After raising the issue of the low resolution problem of the timer provided by clock()
in Resolution Problems in clock()
, I’ve ended the post by mentioning to two more functions that should provide high-resolution timers suitable for profiling code. In this post I will discuss one of them, clock_gettime()
.
The clock_gettime()
provides access to several useful timers with the resolution of nanoseconds. First, the prototype for the function is as follows:
int clock_gettime(clockid_t clk_id, struct timespect *tp);
The clk_id
allows us to select a specific clock from the several
offered by the system, which includes:
-
CLOCK_REALTIME
, a system-wide realtime clock. -
CLOCK_PROCESS_CPUTIME_ID
, high-resolution timer provided by the CPU for each process. -
CLOCK_THREAD_CPUTIME_ID
, high-resolution timer provided by the CPU for each of the threads.

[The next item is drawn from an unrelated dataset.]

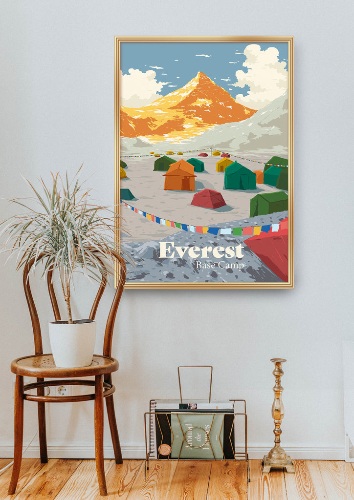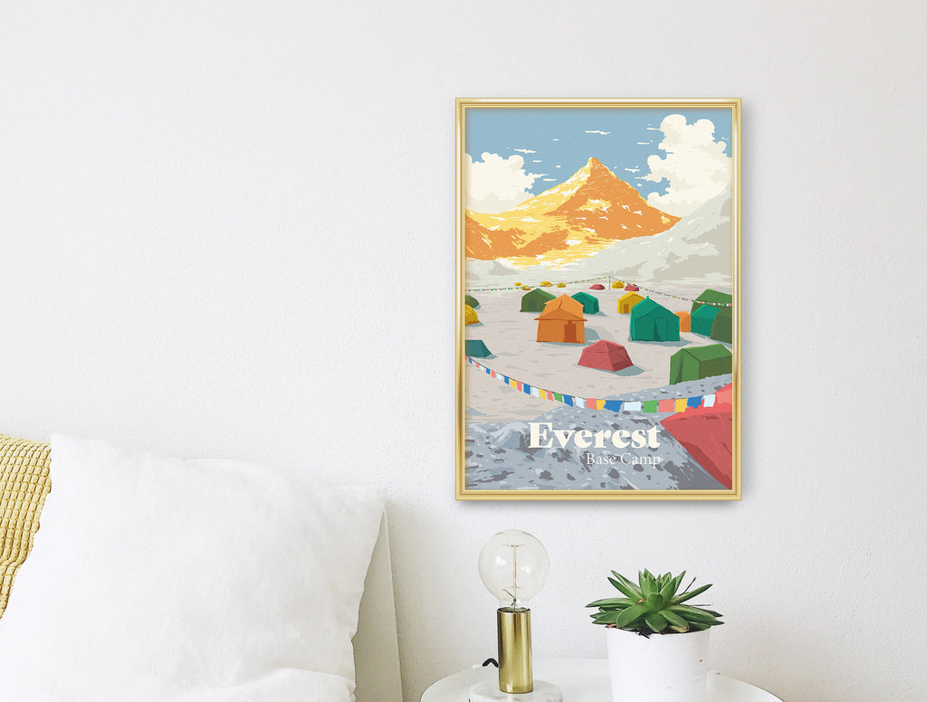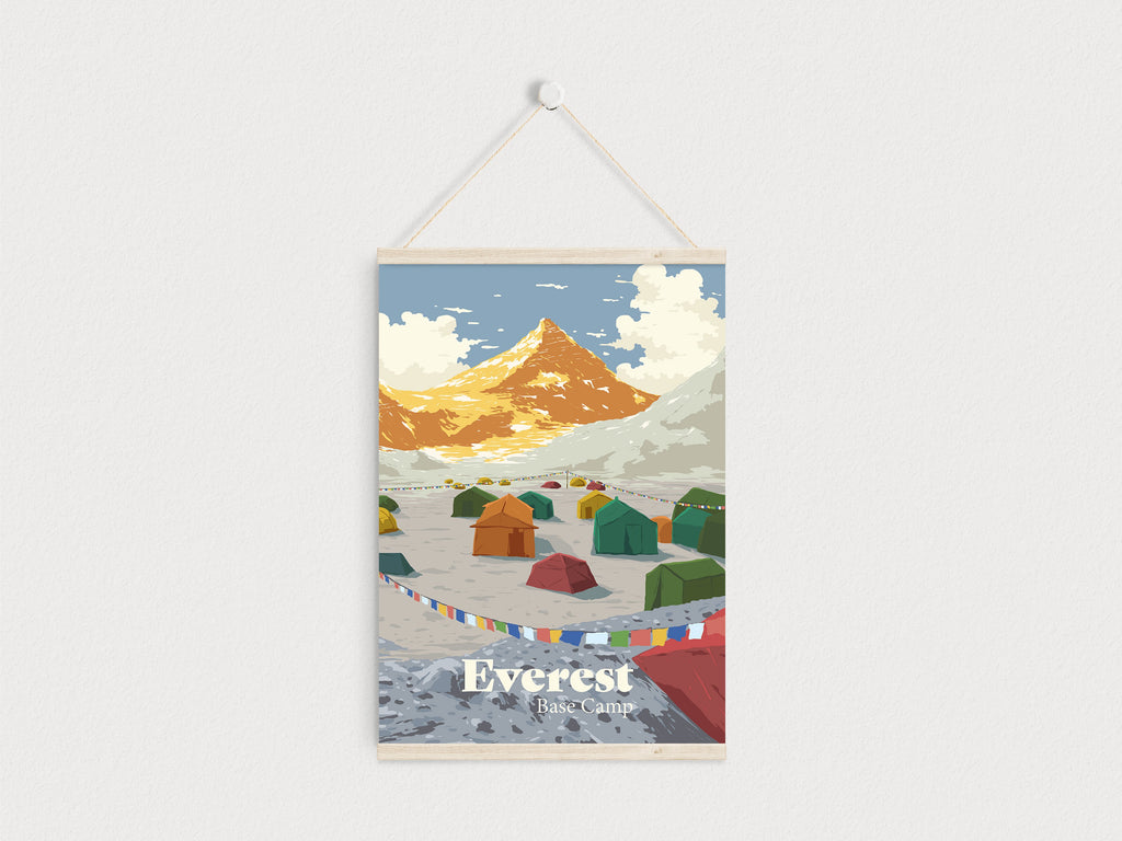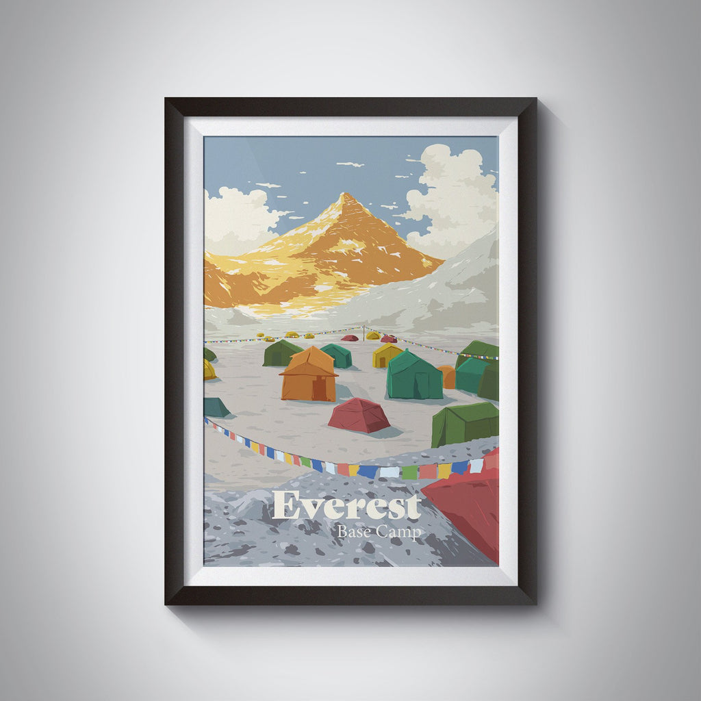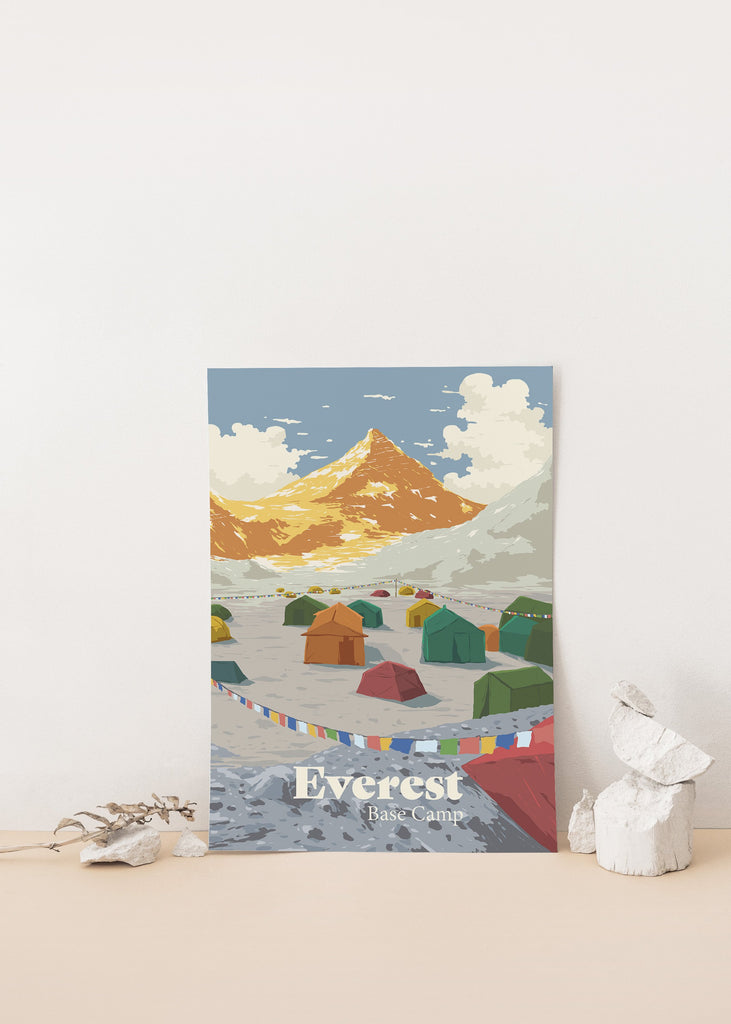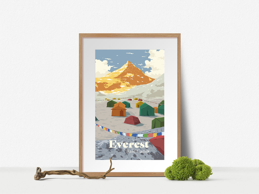 This is an original travel poster featuring Everest Base Camp, gateway to the highest point on earth.

Usually, there are more clocks provided, but I find these three the most useful as they allow to get the execution time spent in the system level, process level and the thread level.
The current clock time, for the chosen clock is stored int the struct provided by the *tp
pointer. The timespec
struct is defined as follows:
struct timespec {
time_t tv_sec; /* seconds */
long tv_nsec; /* nanoseconds */
};
To time the processing time some function took, one should call clock_gettime()
twice. Once before the function call and once right after it and subtract the returned timings to get the actual runtime.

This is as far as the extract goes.